The purpose of this study is to evaluate the safety and efficacy of the Vanquish Water Vapor Ablation Device ("Vanquish") in treating subjects with Gleason Grade Group 2 (GGG2) localized intermediate-risk prostate cancer.

View Eligibility Criteria

Eligibility Criteria

Inclusion Criteria:

≥50 years of age; with life expectancy of ≥10 years
20-80 cc prostate size determined by MRI Central Imaging
≤15 ng/ml PSA
Cancer stage less than or equal to T2c
Within 12 months prior to signing consent have had a multiparametric MRI. Within 6 months prior to signing consent, have undergone a multiparametric MRI software guided fusion biopsy of the prostate (transrectal or transperineal). This must include a standard sector biopsy obtaining a minimum of 10-16 cores.
<15mm diameter of qualifying lesion as measure by greatest diameter
Subject is willing and able to adhere to specific protocol visits and required testing throughout study
Is geographically stable and near the site or able and willing to travel back to site for follow-up visits involving diagnostic tests or treatment
Able and willing to provide written consent to participate in the study.

Exclusion Criteria:

Patients with >GGG3 cores anywhere in the prostate
MRI evidence of extracapsular extension of cancer (MRI read as "definite", "frank" or "gross" ECE)
All PI-RADS 5 lesions
All MRI Central Imaging confirmed by PI-RADS 4 lesions negative on biopsy
Contraindications to MRI
Subjects with an installed pacemaker or other potentially electrically conductive implants implanted within 200mm (8 inches) of the procedure area.
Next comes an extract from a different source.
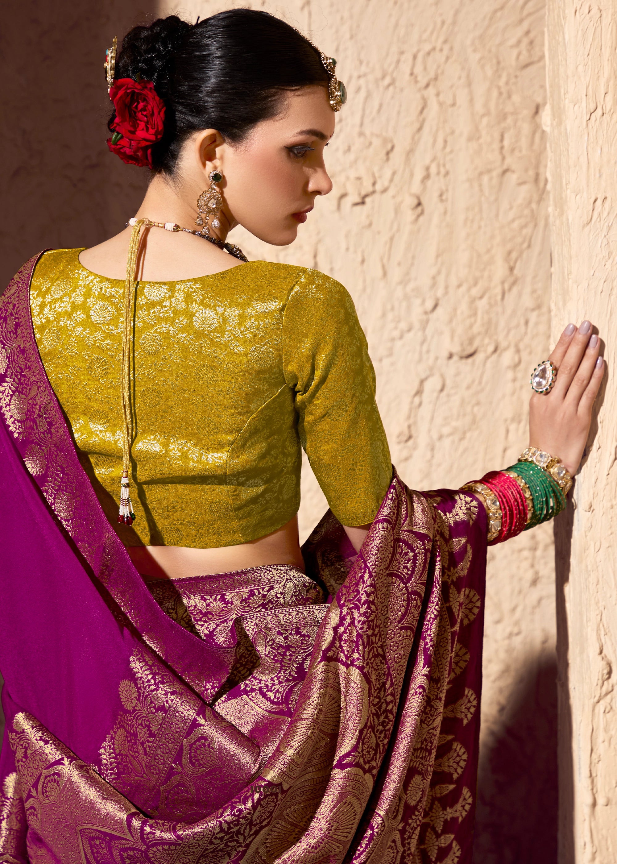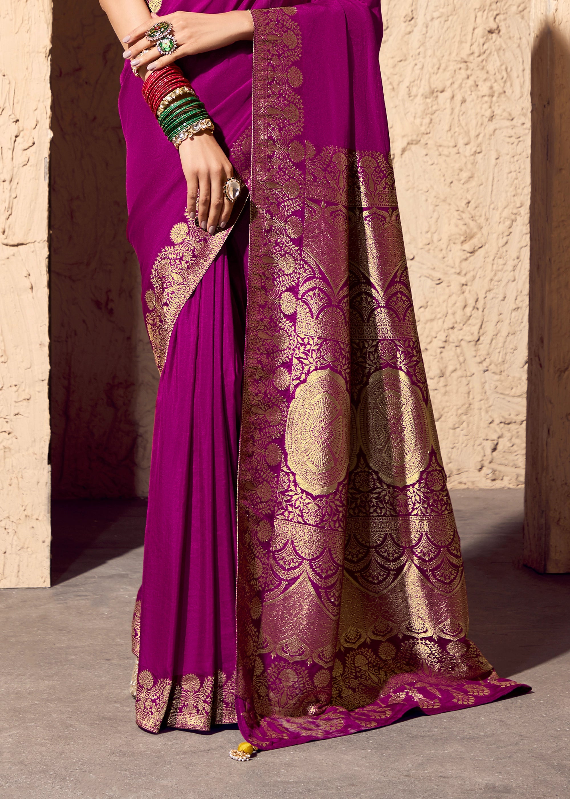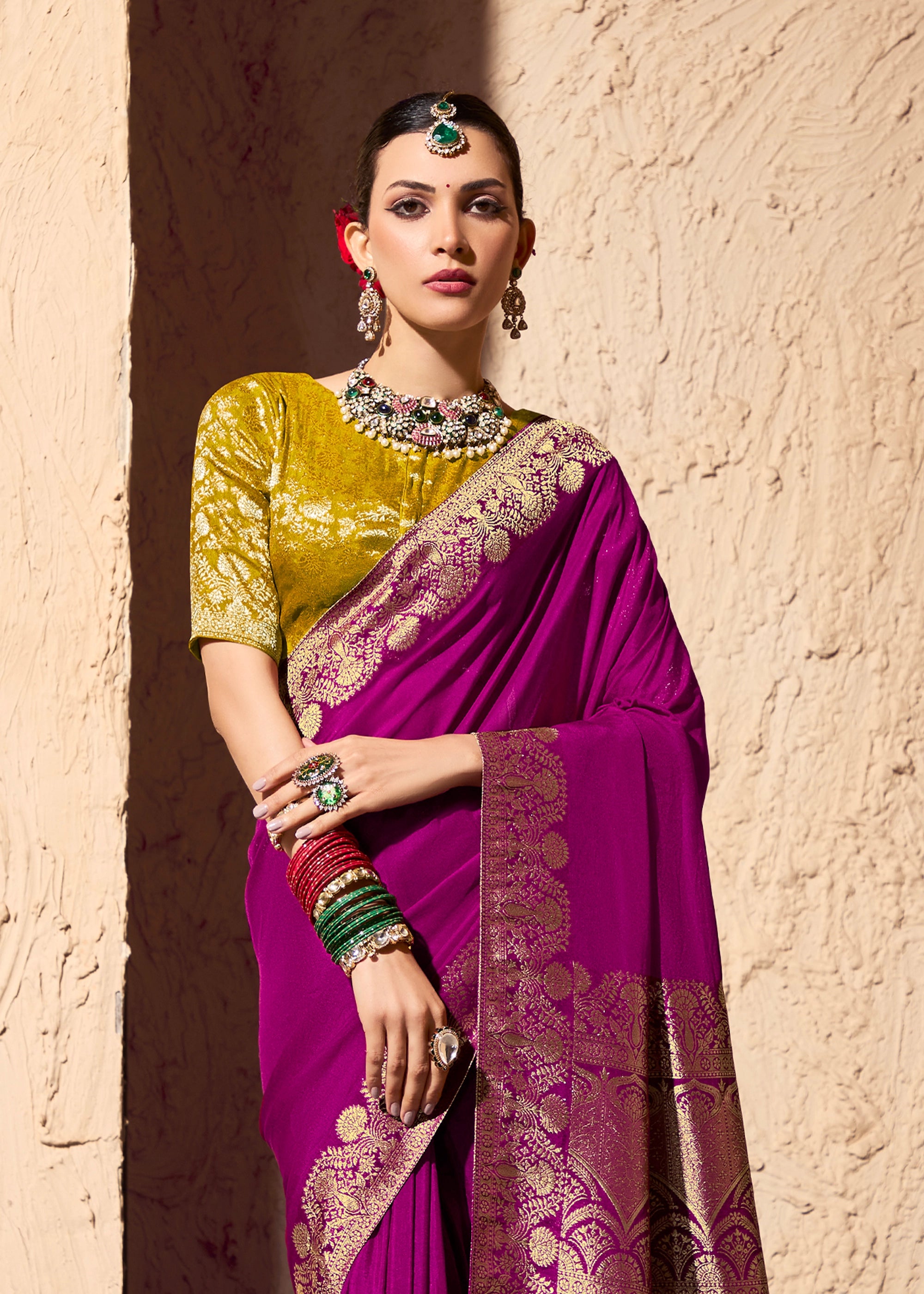 Deep Orchid Purple Woven Crepe Georgette Saree

Implants that are within 200mm (8 inches) and can be turned off for the duration of the study procedure are acceptable.
Any prior surgery, intervention, or minimally invasive therapy, (MIST) for the prostate cancer or bladder neck.
Treated within the past 5 years for genital cancer
Presence of any urethral or prostatic condition that precludes water vapor ablation per Instructions for Use
Currently taking medications that have hormonal effects on the prostate or PSA, such as: 5 alpha reductase inhibitors (if on for <6 months), Androgen blockers, Luteinizing hormone-releasing hormone (LHRH) agonists or antagonists (12 month wash-out), or Testosterone supplementation
Active urinary tract infection
Active or clinically chronic prostatitis or granulomatous prostatitis
Treated within the past 5 years for a lower and/or upper urinary tract malignancy (excluding prostate cancer meeting the inclusion criteria)
Any rectal pathology, anomaly or previous treatment that could change properties of rectal wall or insertion and use of TRUS
Unable to stop taking antiplatelet medications or other blood thinning agents
Known allergy to nickel
Allergic to medication required by the study such as MRI contrast or anesthesia
Any significant medical history that would pose an unreasonable risk or make the subject unsuitable for the study
Any cognitive or psychiatric condition that interferes with or precludes direct and accurate communication with the study Investigator regarding the study or affects the ability to complete the study quality of life questionnaires
Subject currently participating in other premarket investigational studies unless approved by Sponsor in writing
Subject is considered vulnerable such as incarcerated or cognitively impaired.

Study is for people with:

Prostate Cancer

Estimated Enrollment:

400

Study ID:

NCT05683691

Recruitment Status:

Recruiting

Sponsor:

Francis Medical Inc.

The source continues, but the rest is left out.